Aleksander hace poco tuvo problemas en los riñones. Cuentan las marroquíes que un día, antes que nosotros lleguemos, lo encontraron tirado en el piso de la cocina del dolor y tuvieron que levantarlo para llevarlo al hospital. Ahora cocina mientras mira videos de YouTube o hace videollamadas con gente de Rusia. Habla en ruso y poco se entiende. A veces creo que chatea con su novia o algo por el estilo. Casi no sabe español. No sabemos muy bien qué hace acá, ni a qué se dedica. Solo sabemos que sale de su pieza en silencio, que tiene sus propios utensilios de cocina, que hierve papas, pollo, pescado, arroz y coles, que solo condimenta los platos con un poquito de sal, que toma mucho té durante todo el día. Cuando nos cruzamos nos dice “hola”, cuando estamos comiendo nos dice “buen provecho”, arrastrando la erre, y cuando se va para su pieza nos dice “chau”, alargando la u. Esa es toda nuestra interacción. Es un hombre que emana tranquilidad y misterio al mismo tiempo. Con esas pequeñeces sabemos más de él que de Karla, la española más joven del piso. No tengo nada en contra de ella pero su vida es muy distinta a la de todos nosotros. De vez en cuando se escucha que llega con chicos y se los lleva a su cuarto. Casi nunca cocina, el compartimento de la heladera tiene una Coca Cola sin gas desde hace semanas, el refrigerador está lleno de bolsas de papas fritas y cuando la cruzás por los pasillos casi siempre tiene puestos los auriculares de los que sale el retumbe de un reggaetón lento. La única española de la casa casi no socializa con la gente que vive en el mismo lugar que ella. Tal vez sea porque no lo necesita, o porque entiende que no somos lo mismo, o porque es excesivamente joven y no cree que pueda conversar con nosotros, o porque lisa y llanamente, no le da la gana.

Foto: Andrés Mainardi

Siete

Hasta los veinticuatro años viví en la casa de mi mamá. Eso no es algo  bueno ni malo. Es tan solo un dato. Alentador si vemos que al día de hoy, entre el precio de los alquileres, la precarización laboral y el espíritu forever fifteen que se le busca implantar a mi generación, el promedio de edad de migración de la casa de los padres en Argentina ronda entre los 25 y 35 años.
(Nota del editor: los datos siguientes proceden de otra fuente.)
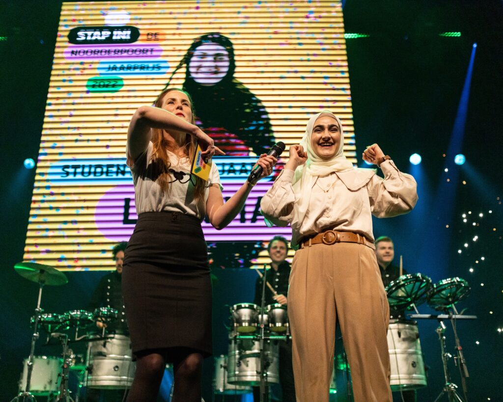 Studente Lava Haji heeft dinsdag in MartiniPlaza de Noorderpoort Jaarprijs 2022 gewonnen. Het bedrijf Promotex werd uitgeroepen tot het leerbedrijf van het jaar.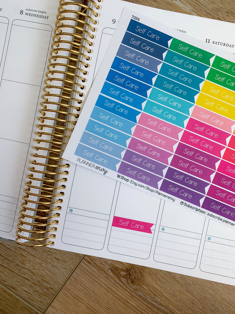 Self Care Me Time Planner Stickers To Be Used With Erin Condren LifePlanner (ECLP), Happy Planner - 55 Stickers (#7054)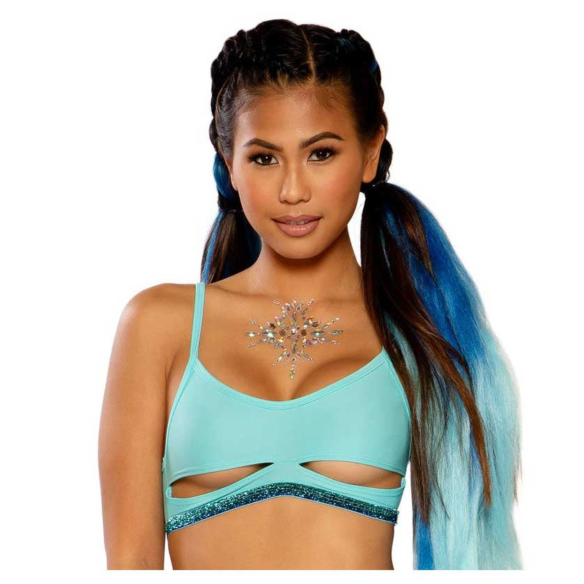 Shimmer with confidence in this glitter-trimmed strap top. Designed with stretch glitter elastic and a sleek tricot base, this piece delivers a bold, eye-catching look. Whether layered or worn solo, it’s the perfect blend of edgy and effortless.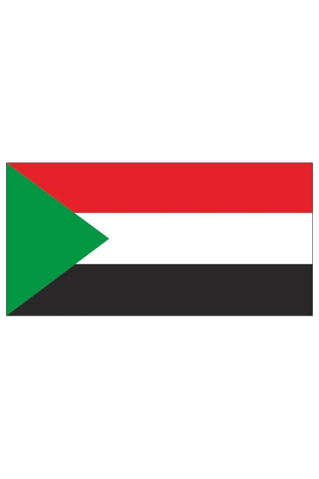 Флаг Судана представляет прямоугольное полотнище с тремя горизонтальными полосами красного, белого, зеленого (сверху вниз) цветов с зеленым треугольником у древка. Цветовая гамма относится к панарабским цветам. Красный цвет означает борьбу патриотов за независимость. Белый цвет мира. Черный цвет символизирует Судан, по-арабски Судан означает "Страна черных". Зеленый цвет обозначает ислам. Имеет соотношение сторон 1:2.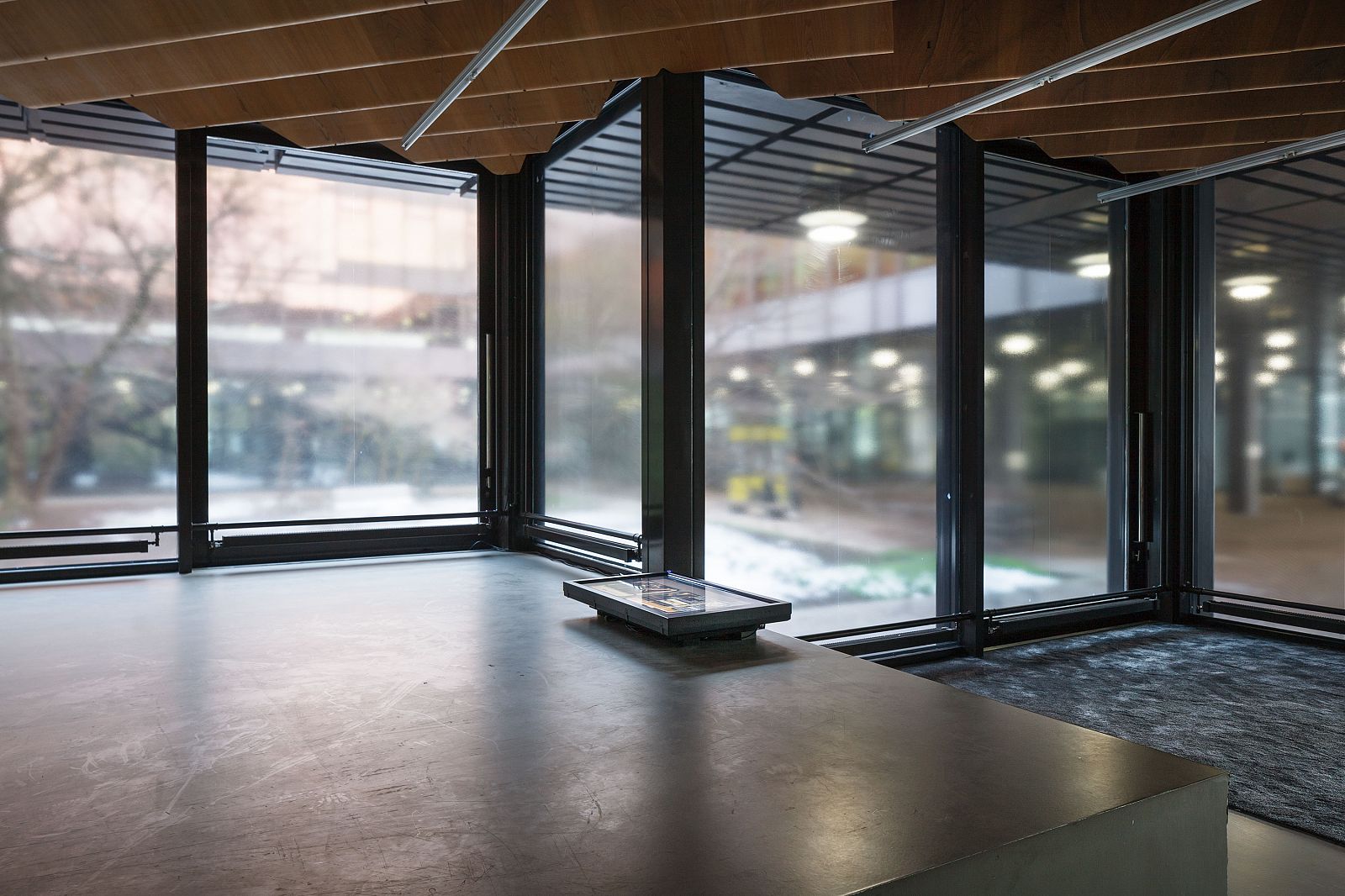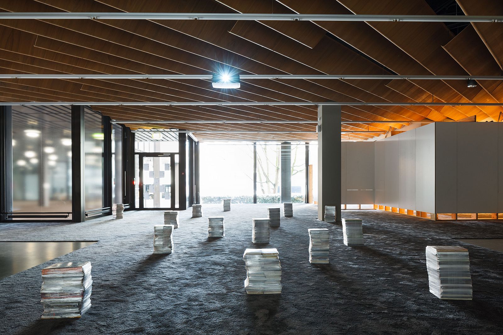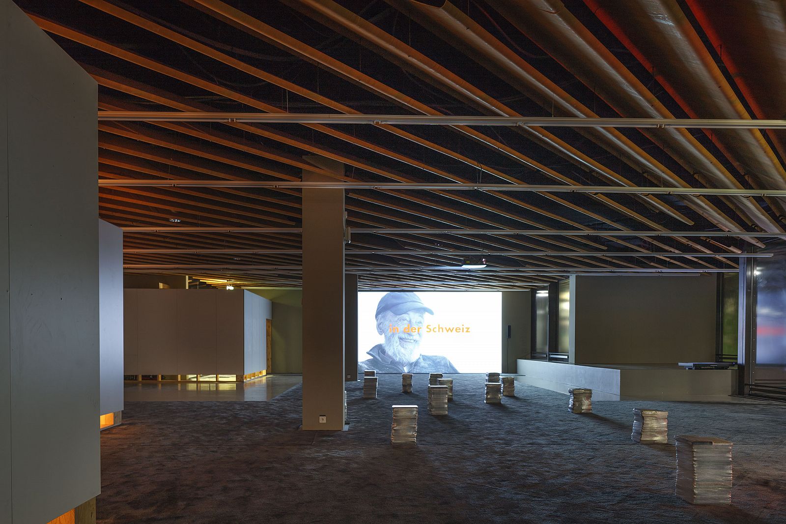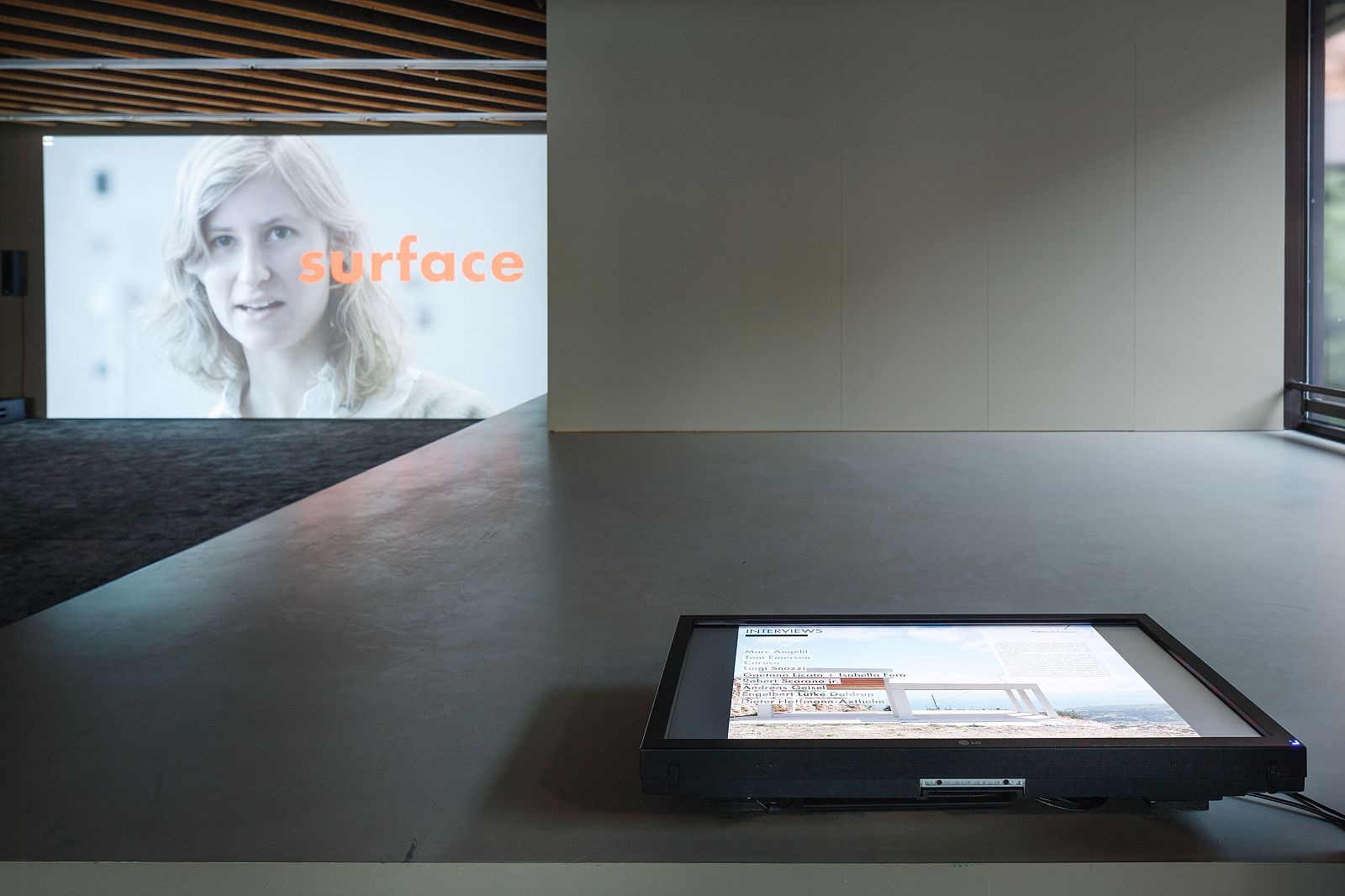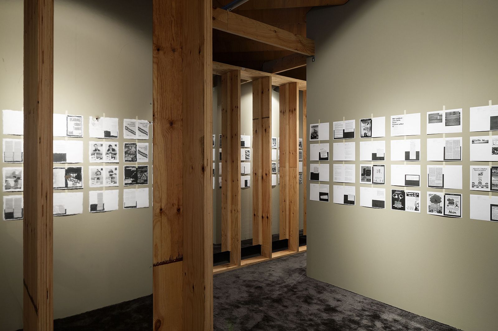 How do certain laws determine architectural possibilities? How can architects, in turn, shape those laws? This exhibition in the gta exhibition space at ETH Zurich presented both the film 0187.2 Legislating Architecture and the publication 0187.1 Legislating Architecture Schweiz. The pages of the book were attached to the wooden stud wall and the preliminary version of the ARCH+ issue on the same topic 0187.4 ARCH+ Legislating Architecture was made accessible on a touch screen. In parallel, the film Legislating Architecture was projected at the rear of the room. In order to provide seating to watch the film all books from the holdings of the ETH Library on the subject of “legislating architecture” (keywords: building law, laws, regulations, among others) were borrowed and fixed with packing foil to form 40 centimeter high stacks. In the foyer, the publication 0179.1 The Dialogic City—Berlin wird Berlin and Monumentalfilm were shown on a monitor.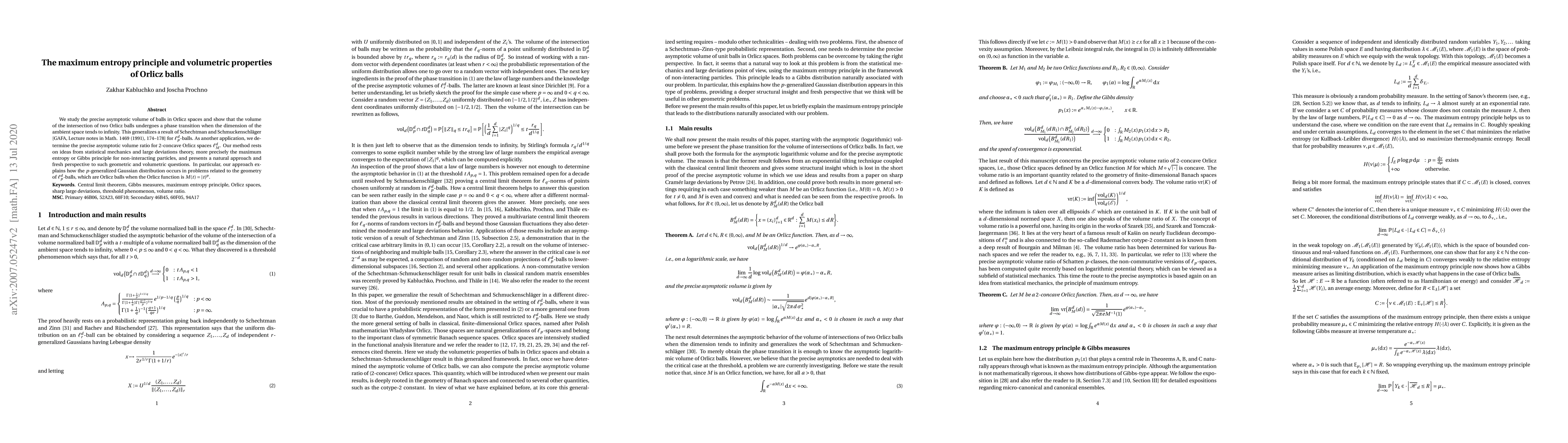 We study the precise asymptotic volume of balls in Orlicz spaces and show that the volume of the intersection of two Orlicz balls undergoes a phase transition when the dimension of the ambient space tends to infinity. This generalizes a result of Schechtman and Schmuckenschl\"ager [GAFA, Lecture notes in Math. 1469 (1991), 174--178] for $\ell_p^d$-balls. As another application, we determine the precise asymptotic volume ratio for $2$-concave Orlicz spaces $\ell_M^d$. Our method rests on ideas from statistical mechanics and large deviations theory, more precisely the maximum entropy or Gibbs principle for non-interacting particles, and presents a natural approach and fresh perspective to such geometric and volumetric questions. In particular, our approach explains how the $p$-generalized Gaussian distribution occurs in problems related to the geometry of $\ell_p^d$-balls, which are Orlicz balls when the Orlicz function is $M(t) = |t|^p$.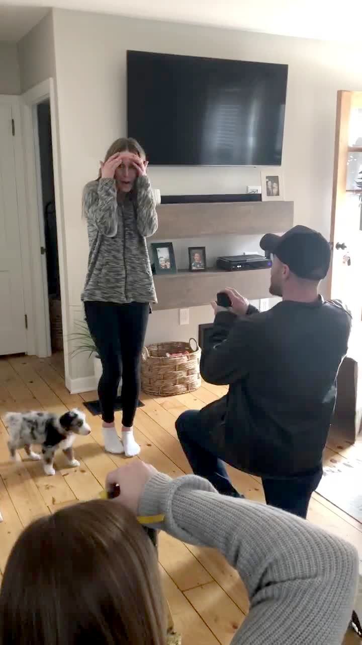 "Puppy Proposal Pooper" A man proposes to a woman in the house, and their puppy dog poops on the carpet behind them.
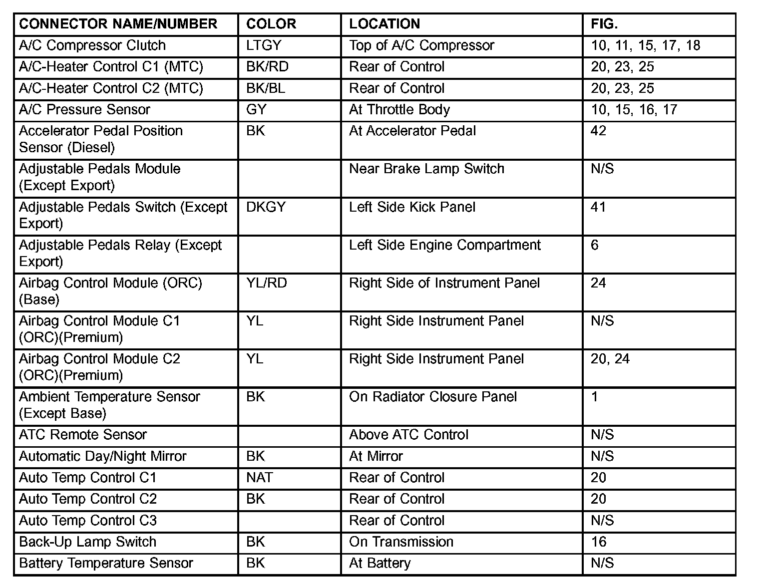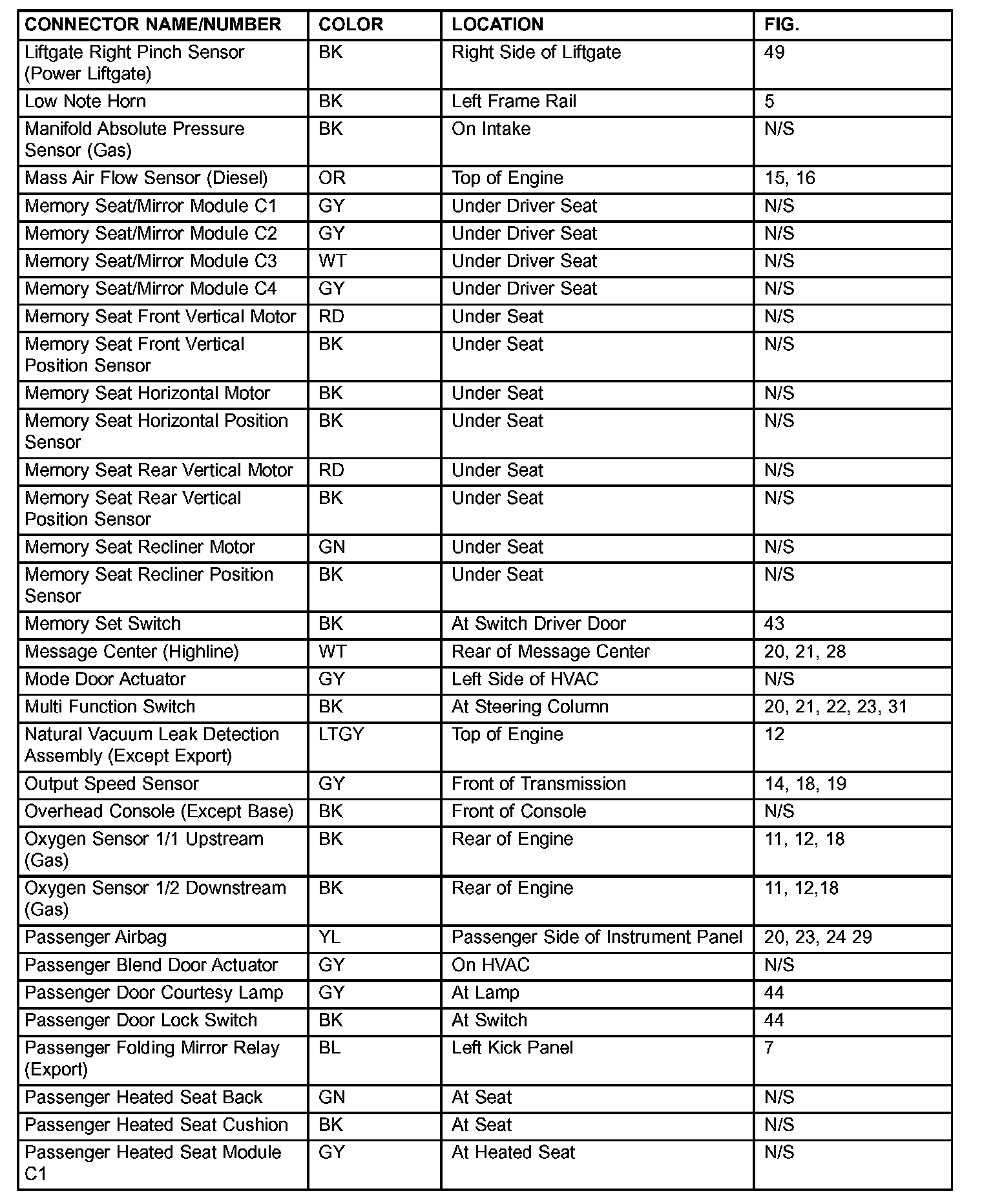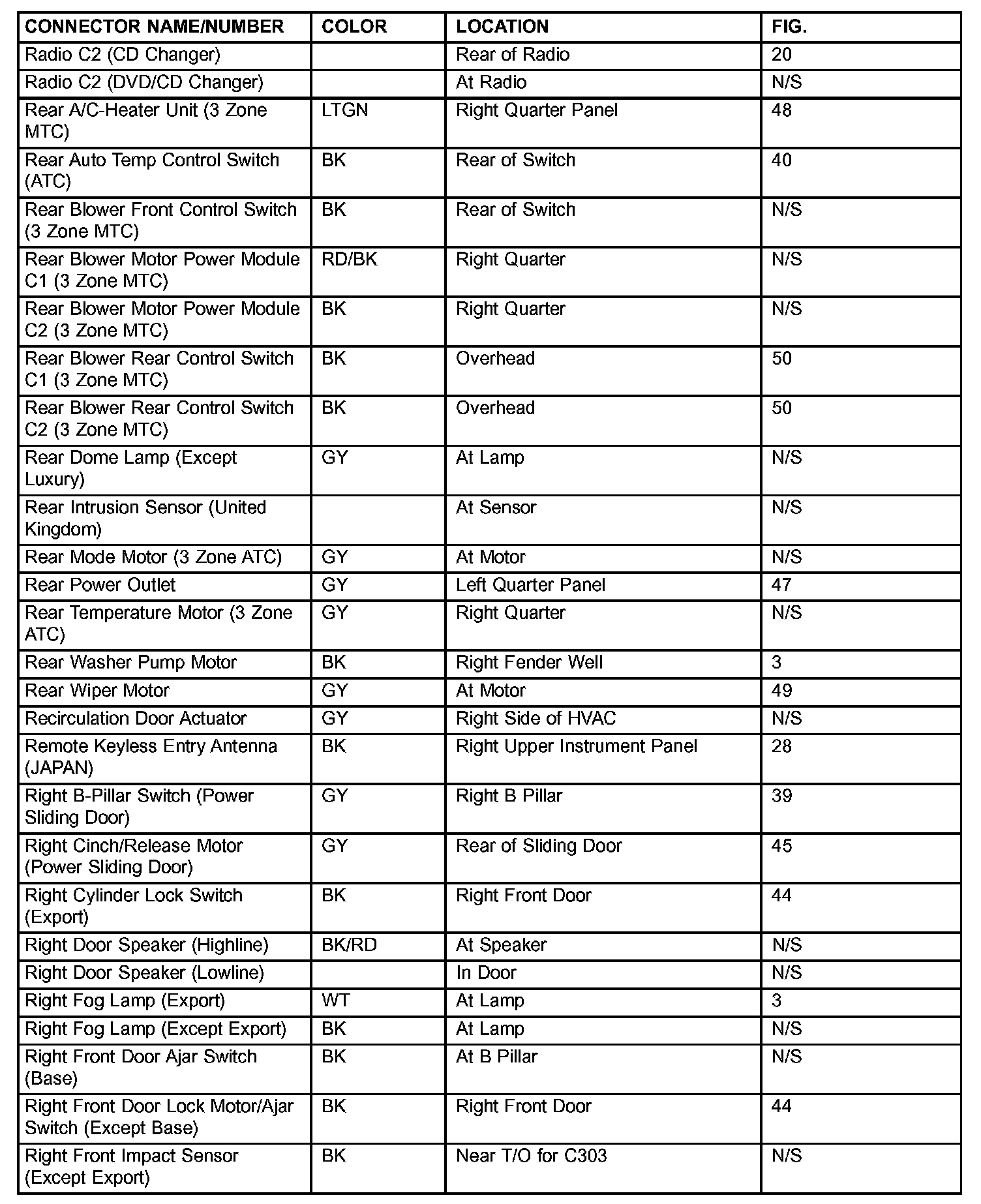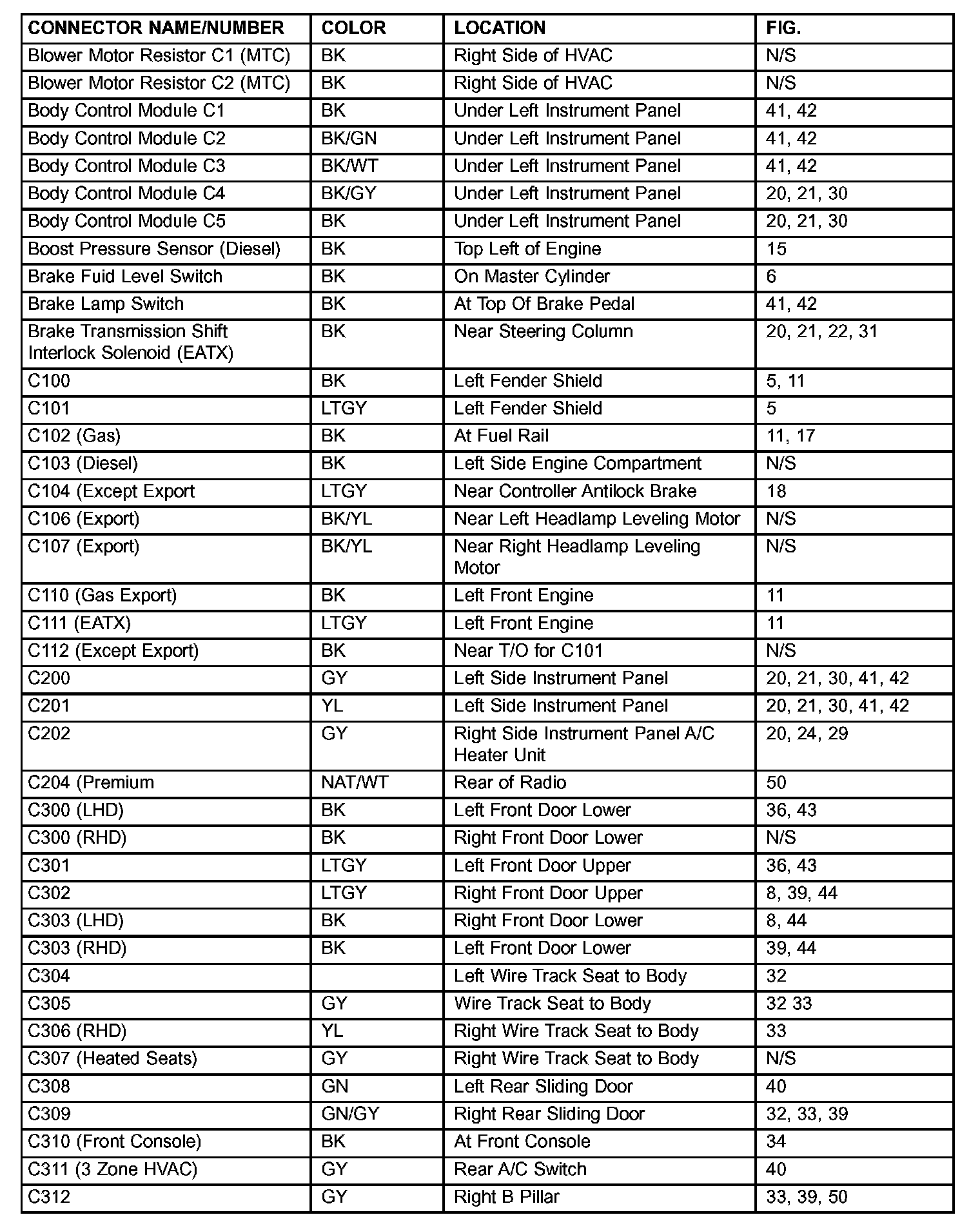 If a link on the index chart to a figure is not provided, that means that the connector and/or figure in question does NOT apply to the vehicle model selected.

Hay algo en las estadísticas que no me cuadra. Irse de la casa de papá y mamá no es sinónimo de independencia. La distancia no se mide en kilómetros, se mide en actitudes. Es como la historia de esa escritora que, cuando lograba concentrarse, su hija se largaba a llorar a su lado porque creía que su madre había desaparecido. Porque también puede suceder al revés, podés irte a vivir al fin del mundo y seguir con las lógicas familiares pegadas en el cuerpo. Y de eso, lamentablemente, no hay distancia que te salve. Un poco de eso se trata también, a lo Virginia Woolf, tener un cuarto propio. Son cuatro paredes y una puerta pero también una disposición mental. Una forma de estar en el mundo que una vez que la conquistás y sabés que está ahí, nadie puede quitártela, ni vos mismo, jugando en contra tuyo. El deseo. Algo de eso me sucede cuando cocino y cuando escribo. Nacemos como una demanda. Si no nos dan calor, comida y amor, nos morimos. Entonces, para nacer otra vez, es decir, para salir de esa demanda original, para no trasladar ese gesto a otras personas, debemos, cuando crecemos, transformar nuestra vida en una oferta, aunque sea, por un rato. Para nacer otra vez hay que dar calor, comida y amor, otra vez. Si tengo que pensar en mi independencia no puedo pensar en otra cosa que no sean los momentos en que aprendí a cumplir mis necesidades básicas. No fue un recorrido solitario. Había varias personas ahí. Papá estaba en una y mamá necesitaba trabajo. Y la única forma que había para que nosotros nos quedáramos solos era que nos la arreglamos con la cocina y el cuidado. Esa fue la propuesta. Si ustedes pueden cocinar solos, yo voy a poder trabajar y traer guita a casa. Tal vez por eso es que me gusta tanto la cocina: es un espacio para poder cuidar a los demás, para construir una soledad con los otros. Ahora que no estoy más en Argentina, cuando extraño a todo lo que antes me rodeaba y ahora me rodea de otra forma, sé que puedo invocarlo con un bife sobre una plancha, y así, aplacar un poco la tristeza, que siempre está, pero que no te hunde.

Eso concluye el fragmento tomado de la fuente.